Before you start to optimize your online presence, as a webmaster it’s important to first test the water and develop an idea of what exactly search engines are looking for in a domain and how exactly they go about it. Great content is one thing, but to get great rankings as well, content needs to be presented in as search engine friendly a way as possible so that Google’s crawlers can interpret and process it correctly. Technical factors and requirements are particularly important to ensure that quality content ranks highly.
Before any traffic can be generated via organic searched in search engines, a domain and its sub-pages must first be stored in the search engine’s index. This process might seem obvious but it is extremely important, and too often neglected by webmasters who fail to understand that Google’s crawlers also have their technical restrictions. For this reason, you should provide the crawlers with as much information as possible to ease their work.
Crawling and indexing budget limitations
There are many reasons for webmasters to keep track of search engines’ progress as they crawl and index content. One of the most important reasons is that Google for instance only allocates a limited crawling and indexing budget to each website or online shop. Resourceful webmasters therefore find a way to technically help crawlers to locate and index their most important documents.
The following errors and problems have a negative effect on crawling and indexing:
Crawl problems – double the work and inaccessibility
Each internet presence is allocated a budget by search engines which defines how much effort and index volume may be expended on the domain. It is therefore important to be efficient in order to squeeze the greatest potential from your domain’s content and performance capacity. Search engine crawlers aim to waste as little effort and energy as possible finding and processing new/edited content. When crawlers can only find content with great effort, this means that fewer documents are processed since so much energy has already been used up locating the domain in the first place. Webmasters should therefore try to avoid the following crawl problems as much as possible:
Long load times
Search engines don’t want to overload web-servers with extra requests, so long load times cause crawls to be interrupted. The process will be resumed at a later date, but interruptions are nevertheless still be avoided.
The more closely packed together content is placed on a homepage, the easier it is for the crawler to find it. Content buried at deeper levels of the website is harder to detect and may not be found by the crawler at all. Since crawlers use links to find their way to new content, your internal link structure should be good enough to facilitate crawler accessibility.
Difficult to read content
Index budget waste – duplicate content
Duplicate content – identical content found under different URLs – uses up crawling and indexing budgets, since search engines process and index it as well. When webmasters don’t take precautions to prevent the indexing of duplicate content, it not only wastes the crawler’s indexing budget but can also often lead to significant ranking fluctuations. It can also mean that relevant, useful content isn’t indexed since the indexing budget has already been exhausted by double content. Avoid the following:
Https and http
Most online shops use SSL-certified encoded data transfer. But when online shop content is accessible under both http and https, this is duplicate content. The http version of the website should be redirected to the https version using the status code 301, and a new sitemap should be created in webmaster tools so that changes can be noted as quickly and efficiently as possible.
Capital letters in URLs
Many webmasters don’t know that it makes a difference whether URLs are written in caps or not. Differently written URLs can be deemed duplicate content so make a decision and stick with it.
Trailing slash at the end of a URL
If content is indexed both with a trailing slash at the end of the URL and without, this is classed as duplicate content. Content without a slash should be redirected to the version with the slash at the end, again using status code 301.

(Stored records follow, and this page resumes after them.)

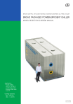 BROAD CENTRAL AIR CONDITIONING & MAGNETIC BEARING OIL FREE CHILLER BROAD PACKAGED POWER-EFFICIENT CHILLER MODEL SELECTION & DESIGN MANUAL Application ·Provide chilled water for central air conditioning system ·Produce chilled water over 3℃ Cooling capacity 520 ~ 4200 kW (150 ~ 1, 200 RT) 2017. 12 EN (CY90 Packaged Chiller) Global Internet Monitoring Center for BROAD central air conditioning. It has been operating since 1996, known as the pioneer of "internet +". BROAD Global Market AS THE GLOBAL LEADER OF NON-ELECTRIC CHILLER, WHY BROAD ALSO MAKES ELECTRIC CHILLER ? BROAD non-electric chiller is the world's most efficient equipment when evaluating the efficiency of "primary energy", also it is the only central air conditioning that can generate chilled water, heating water and sanitary hot water with the highest reliability, the longest life span and the quietest operation. However, the following reasons determine that we are manufacturing power-efficient chiller now. 1. Many areas have no access to natural gas or waste energy sources. 2. Some inquires need cooling only, or the yearly operation time is too short to use multi-function air conditioning. 3. Specific locations powered by wind, hydro or solar PV has great potential to reduce CO2 emissions. 4. BROAD Power-efficient Chiller is more efficient than traditional electric chillers. 5. BROAD Packaged Water Distribution System is more efficient than traditional distribution systems. 6. BROAD Power-efficient Chiller can be combined with BROAD non-electric chiller and BROAD CHP system, which has higher efficiency and energy flexibility than single energy source equipment. VALUES OF BROAD POWER-EFFICIENT CHILLER ENERGY SAVING The Integrated Part Load Value (IPLV) of the chiller can reach 10. This high IPLV can reduce energy consumption by 40% when compared to traditional electric chillers. BROAD Packaged Water Distribution System can reduce electricity consumption up to 76% when compared to conventional field-built systems. ADDITIONAL COST SAVING The magnetic oil free and zero friction technology can save up to 40% energy cost and 90% of maintenance cost when compared with traditional electric chillers. BROAD PLC "Smart anti-surge control" module insures the chiller always operate in a safe range. The integrated design of the BROAD chiller, water distribution system and stainless steel metal enclosure reduce design cost and field installation costs for customers. SPACE SAVING Compared with the traditional electric chillers, BROAD packaged chiller reduces volume by 30~50% and weight by 30%. BROAD Packaged Water Distribution System and stainless steel metal enclosures can be installed outside which reduces mechanical room footprint requirements. WORRY-FREE BROAD Packaged Water Distribution System and stainless steel metal enclosure eliminate risk and reduce system design, procurement and installation errors. BROAD Intelligent Control System (ICS)can be automated for free operation of the chiller and water distribution system. BROAD Global Internet Monitoring System provides customers with 24/7/365 fault prediction, analysis and energy-saving management tools. CONTENTS 1 Packaged Power-efficient Chiller Working Principle Power-efficient Chiller Rated Parameters Packaged Power-efficient Chiller Rated Parameters Power-efficient Chiller General Parameters Performance Curves Model Selection Curves Nomenclature Combination of Non-electric Chiller and Power-efficient Chiller Model Selection & Ordering Supply Scope 1 2 2 2 3 3 3 4 5 6 Design & Construction Tips Dimensions P&I Diagram Scope of Supply/Work Machine Room Construction Tips Control System Exterior Wiring Diagram Lifiting & Leveling Tips List of Control System Installation 7 7 12 13 14 15 16 17 18 1 BROAD PACKAGED POWER-EFFICIENT CHILLER high-temp. & high-pressure refrigerant vapor mid-temp. & high-pressure refrigerant low-temp. & low-pressure refrigerant low-temp. & low-pressure refrigerant vapor chilled water cooling water The cooling principle The compressor compresses 7℃ low-temp. & low-pressure refrigerant vapor to 45℃ high temp. & high pressure vapor then flows into condenser. In condenser cooling water absorbs the heat from refrigerant vapor condensation process and its temperature raises from 30℃ to 35℃. Then the heat will be discharged to air through cooling tower. After condensation, 33℃ refrigerant becomes into 6℃ low-temp. & low-pressure liquid after throttle valve. The refrigerant enters evaporator and evaporates immediately. It absorbs heat from the chilled water and makes chilled water drop from 12℃ to 7℃. After evaporation, the refrigerant gasifies into 7℃ vapor and sucked into compressor. Then next cycle begins. 2 Power-efficient Chiller Rated Parameters Model Cooling capacity C 45 60 90 120 180 240 360 kW 520 700 1045 1400 2090 2800 4200 60 90 120 180 240 360 RT 150 200 300 400 600 800 1200 kW 95.5 125.0 185.0 238.0 360.0 445.5 665.0 4 10 kcal/h 45 Input power Rated COP 5.45 5.60 5.65 5.88 5.81 6.30 6.32 COP (IPLV) 9.69 9.35 9.88 9.76 9.68 10.36 10.18 Starting current A 2 2 2 2 2 2 2 Maximum operation current A 180 230 360 460 740 920 1380 kW 105 130 200 260 380 520 750 m3/h 90 120 180 240 360 480 720 Pressure drop kPa 28 30 60 70 95 70 110 Connection nozzle DN 150 150 200 200 250 300 350 m3/h 112 150 225 300 450 600 900 kPa 28 35 65 75 90 75 105 Power demand Evaporator Flow rate Condenser Flow rate Pressure drop Connection nozzle DN 150 150 200 200 300 300 350 Refrigerant wt. kg 230 320 500 650 950 1300 1900 Shipment wt. kg 2600 3500 4600 5700 10000 11400 20000 Operation wt. kg 3000 4000 5200 6700 11200 13400 22400 Packaged Power-efficient Chiller Rated Parameters Pumpset Model CY 45 60 90 120 180 240 360 External head mH2O 19 21 21 20 19.5 21 18 Power demand kW 11 15 22 37 44 60 90 12.8 18.7 31.5 37.4 51.0 76.5 Chilled water pump Rated power consumption kW 9.4 Cooling water pump External head mH2O 11.5 11.5 8.5 7.5 6 8.5 6.5 Power demand kW 8 11 
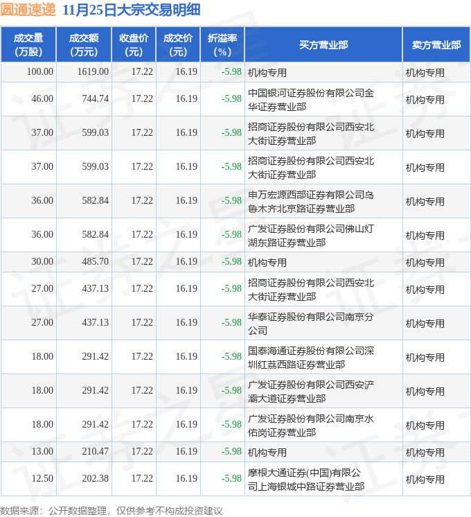 证券之星消息,11月25日圆通速递发生大宗交易,交易数据如下:
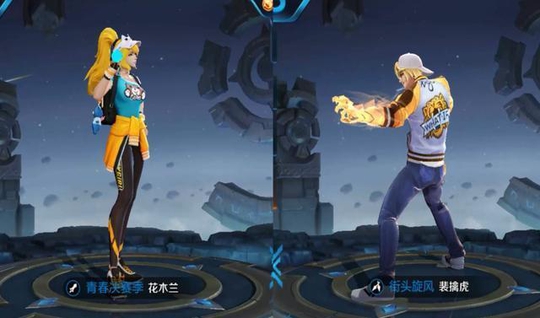 花木兰的青春决赛季和裴擒虎的街头旋风都属于运动系列,他们都带有鸭舌帽,颜色方面也很搭配,其实和花木兰这款皮肤还很配的有夏侯惇的夏季泳装皮肤,只是夏侯惇那款皮肤还可以和钟无艳组个cp所以这次就让裴擒虎和花木兰组个cp吧,不然裴擒虎就成了单身了。
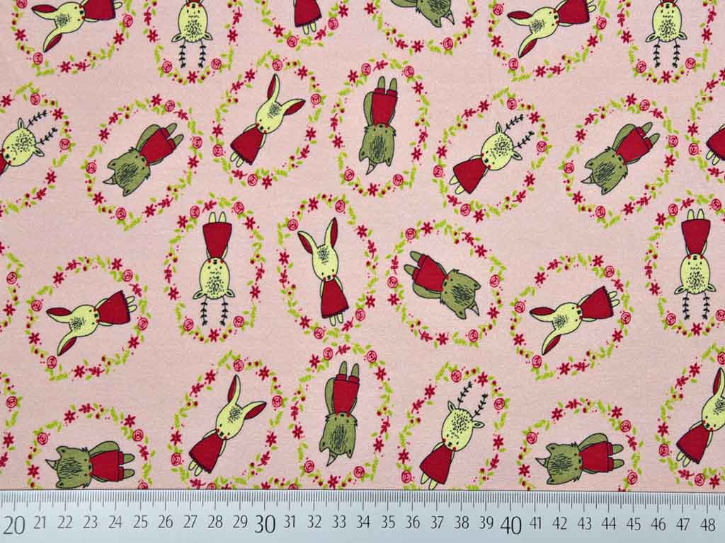 Ein weicher, leicht angerauter Sweat in rosa mit süßen Waldtieren in Blumenkränzen in rot, braun und grün.
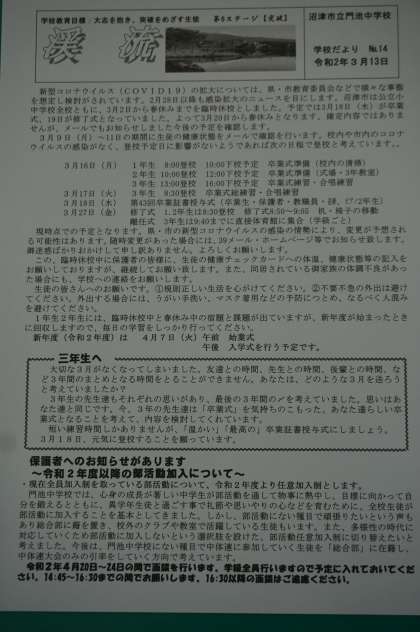 学校だよりです。今後の予定等をお知らせします。御確認ください。配布文書にも13号として入れました。また、3月16日(月)の登校した際生徒に配布します。
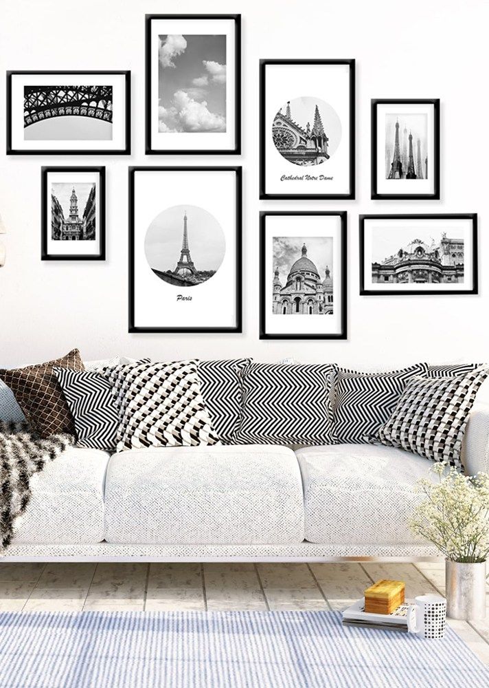 Если вы сомневаетесь, просто сделайте бумажные шаблоны для своих произведений искусства и прикрепите их к стене перед тем, как повесить, чтобы убедиться, что все правильно расставлено.
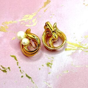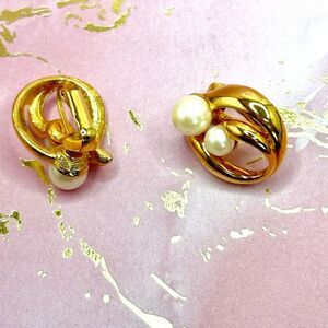 Avon Women's Vintage Goldtone Swirl Faux Pearl Clip on Earrings
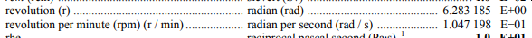 By the way, the NIST document above gives the conversion factor between the frequency in the unit rpm and the angular velocity in the unit rad/s.
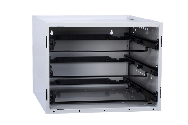 SCS3S StorageTek Storage Cabinet suitable for 3 small cases. Can be customized with StorageTek Blue, Grey, Black or Red coloured cases with a solid ABS Lid or a clear PC lid or other leading brands into our empty cabinet. These cabinets are suitable for Electricians, Plumbers, Data Cable installers, HVAC, TV Antenna Installers, Mechanics and many others in business, office, workshop or at home. All cabinets come with L shaped mounting feet and appropriate hardware to allow secure mounting in a van or onto a workbench or even under a workbench. Commercial build quality.
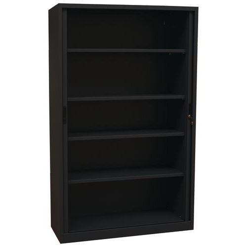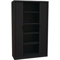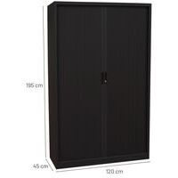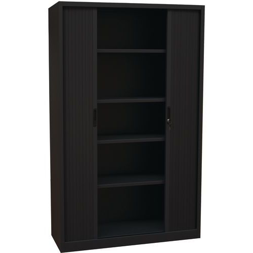 Ervaar het gebruiksgemak van deze extra brede compacte hoge kast. Verstel de legborden en gebruik ze ook voor hangmappen. Met krasbestendige epoxy-afwerking. Sluit de kunststof roldeur af met het cilinderslot.
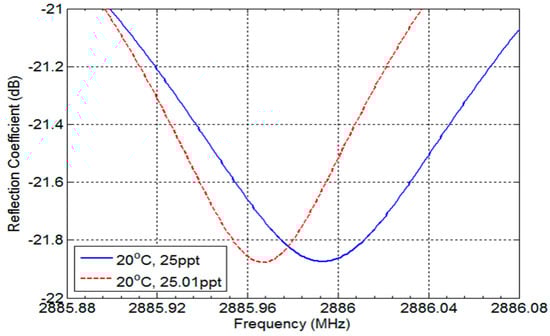 The measured reflection coefficients of the fabricated sensor at temperature of 20 °C in the frequency range of 2.5 to 3 GHz are shown in Figure 9. As shown in Figure 9a, the measured reflection coefficients for different salinities are smaller than or equal to −35 dB. The measured reflection coefficients to salinity with 2.5 ppt increment are shown in Figure 9b, which reveals that the fabricated sensor has approximately 5% fabrication error in L. This small fabrication error results in a 59 MHz frequency separation, which is 2 MHz greater than the simulation. The resonance frequency change to 0.01 ppt is shown in the inset of Figure 9b and shows an average frequency separation of 48 kHz, which is 26.6% better separation than simulation results of 37.9 kHz.
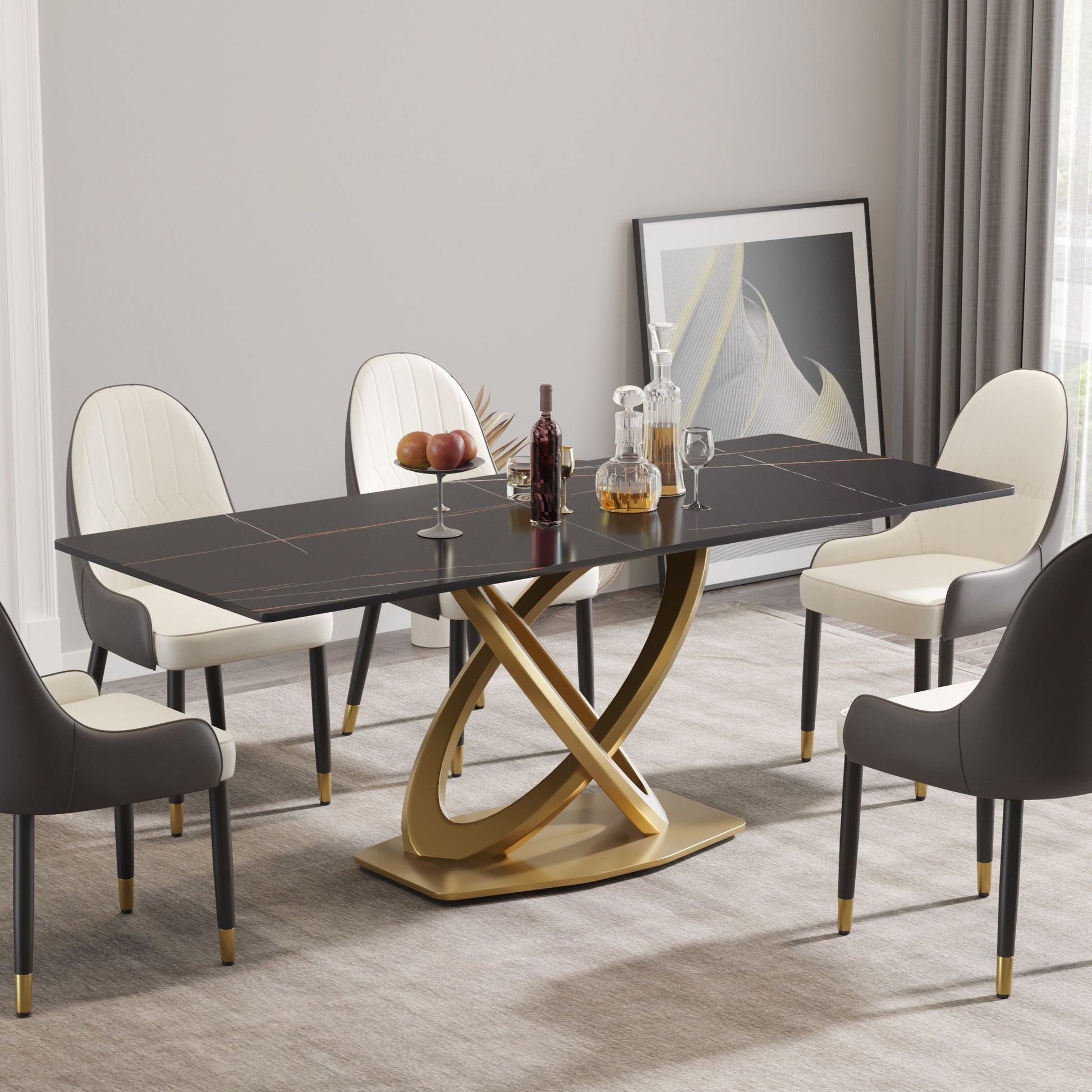 - Unique Double-Ring Base: Featuring a golden double-ring-shaped base design, this table combines stability with a touch of elegance for a high-class dining experience.
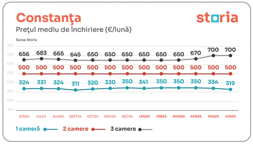 CONSTANȚA înregistrează o ușoară scădere de 2% a prețului mediu pentru garsoniere, care a ajuns la 319 euro. Apartamentele cu două camere s-au menținut la 500 de euro, iar cele cu trei camere au înregistrat o creștere de 7% față de anul trecut, ajungând la 700 de euro.
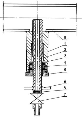 Предложенное техническое решение изображено на чертеже, где 1 – корпус пробоотборника, 2 – пробоотборная трубка, соединенная с корпусом 1 резьбовой парой с шагом Р так, что длина этой резьбы на пробоотборной трубке больше длины ответной резьбы в полости корпуса на величину внутреннего диаметра трубопровода 9. Сальниковое устройство состоит из шайбы перекрытия 3, сальникового материала 4 и прижимной втулки 5. Поворотная ручка 6 служит для поворота трубки 2 относительно неподвижного корпуса 1. Шайба-штуцер 8 и шаровой вентиль 7 обеспечивают постоянство диаметра отверстия истечения жидкости и газа из трубопровода в пробоотборную камеру.
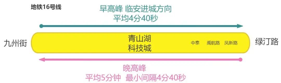 早高峰增投1列车,九州街站至绿汀路站方向行车间隔由平均5分50秒加密至4分40秒,早上8:36左右增设中泰站始发前往绿汀路的加开车1列次,最短行车间隔4分钟,运能提升15%;晚高峰增投1列车,绿汀路站至九州街站方向行车间隔由平均5分50秒缩短为5分钟,最短行车间隔4分40秒,运能提升7%。
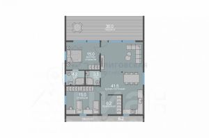 - Две изолированные спальни по 15 м². В одной из спален предусмотрена антресоль — идеальное место для детской игровой или камерного личного пространства
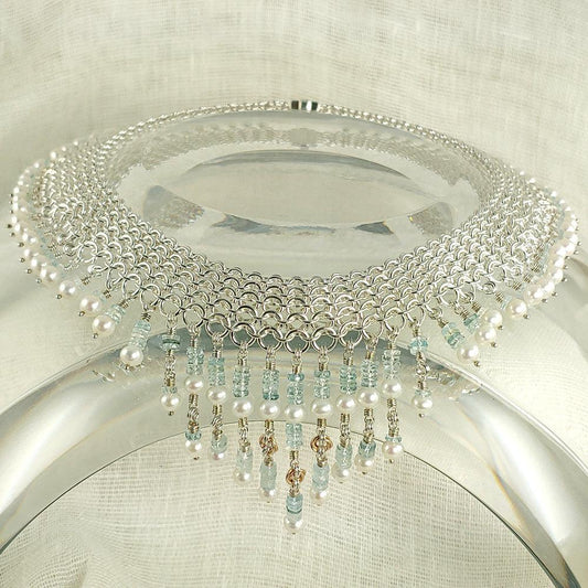 Aquamarine, Pearl, 18K Gold and Sterling Wedding Necklace
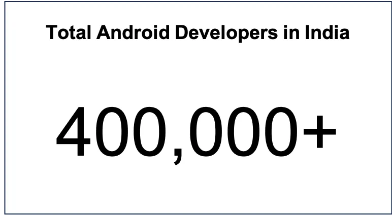 The hiring landscape for Android developers in India is highly competitive and dynamic. The rapid expansion of the e-commerce sector, the digital transformation of businesses, and the rising demand for mobile-based applications and services have all contributed to an increase in the demand for Android developers. While an accurate estimation of Android developers is a challenge, it is estimated that there are over 400K Android developers in India across product and service companies.

Versions with and without www.
When your website or online shop exists both with and without the prefix www., then search engine crawlers have to index the same content twice, wasting time, space and energy. Again, this can be fixed by redirecting the version without www. to the version with www.
Near duplicate content in product descriptions
A problem commonly found in online shops. Product descriptions don’t really leave much room for creativity and so are often very similarly composed, differing only in tiny details. Sometimes they’re identical. Search engines place great value on unique content, so try and make your product descriptions as unique as possible.
Tag pages and category menus
Whilst so-called tag clouds are useful from a usability point of view, they can be problematic when it comes to SEO. Tag pages tend to generate lists of tagged content identical to content listed in category menus. As a webmaster, you should check whether your tag pages are delivering identical results as found in category lists and, if so, ensure that tag clouds aren’t indexed.
Paramter URLs and Session Ids
Parameter URLs and Session Ids generally reproduce content which has already been indexed under an existing URL. If these URLs are indexed as well, you have duplicate content. Try to avoid this.
Changes in Link Structure
SEO on-page optimization can often involve changes in link structure. URLs are usually optimized to contain the most relevant keywords, but when the old URLs are not redirected to the new ones using status code 301, then identical content can be found under different web addresses. This is annoying for users but more damagingly it is considered duplicate content by search engines crawlers.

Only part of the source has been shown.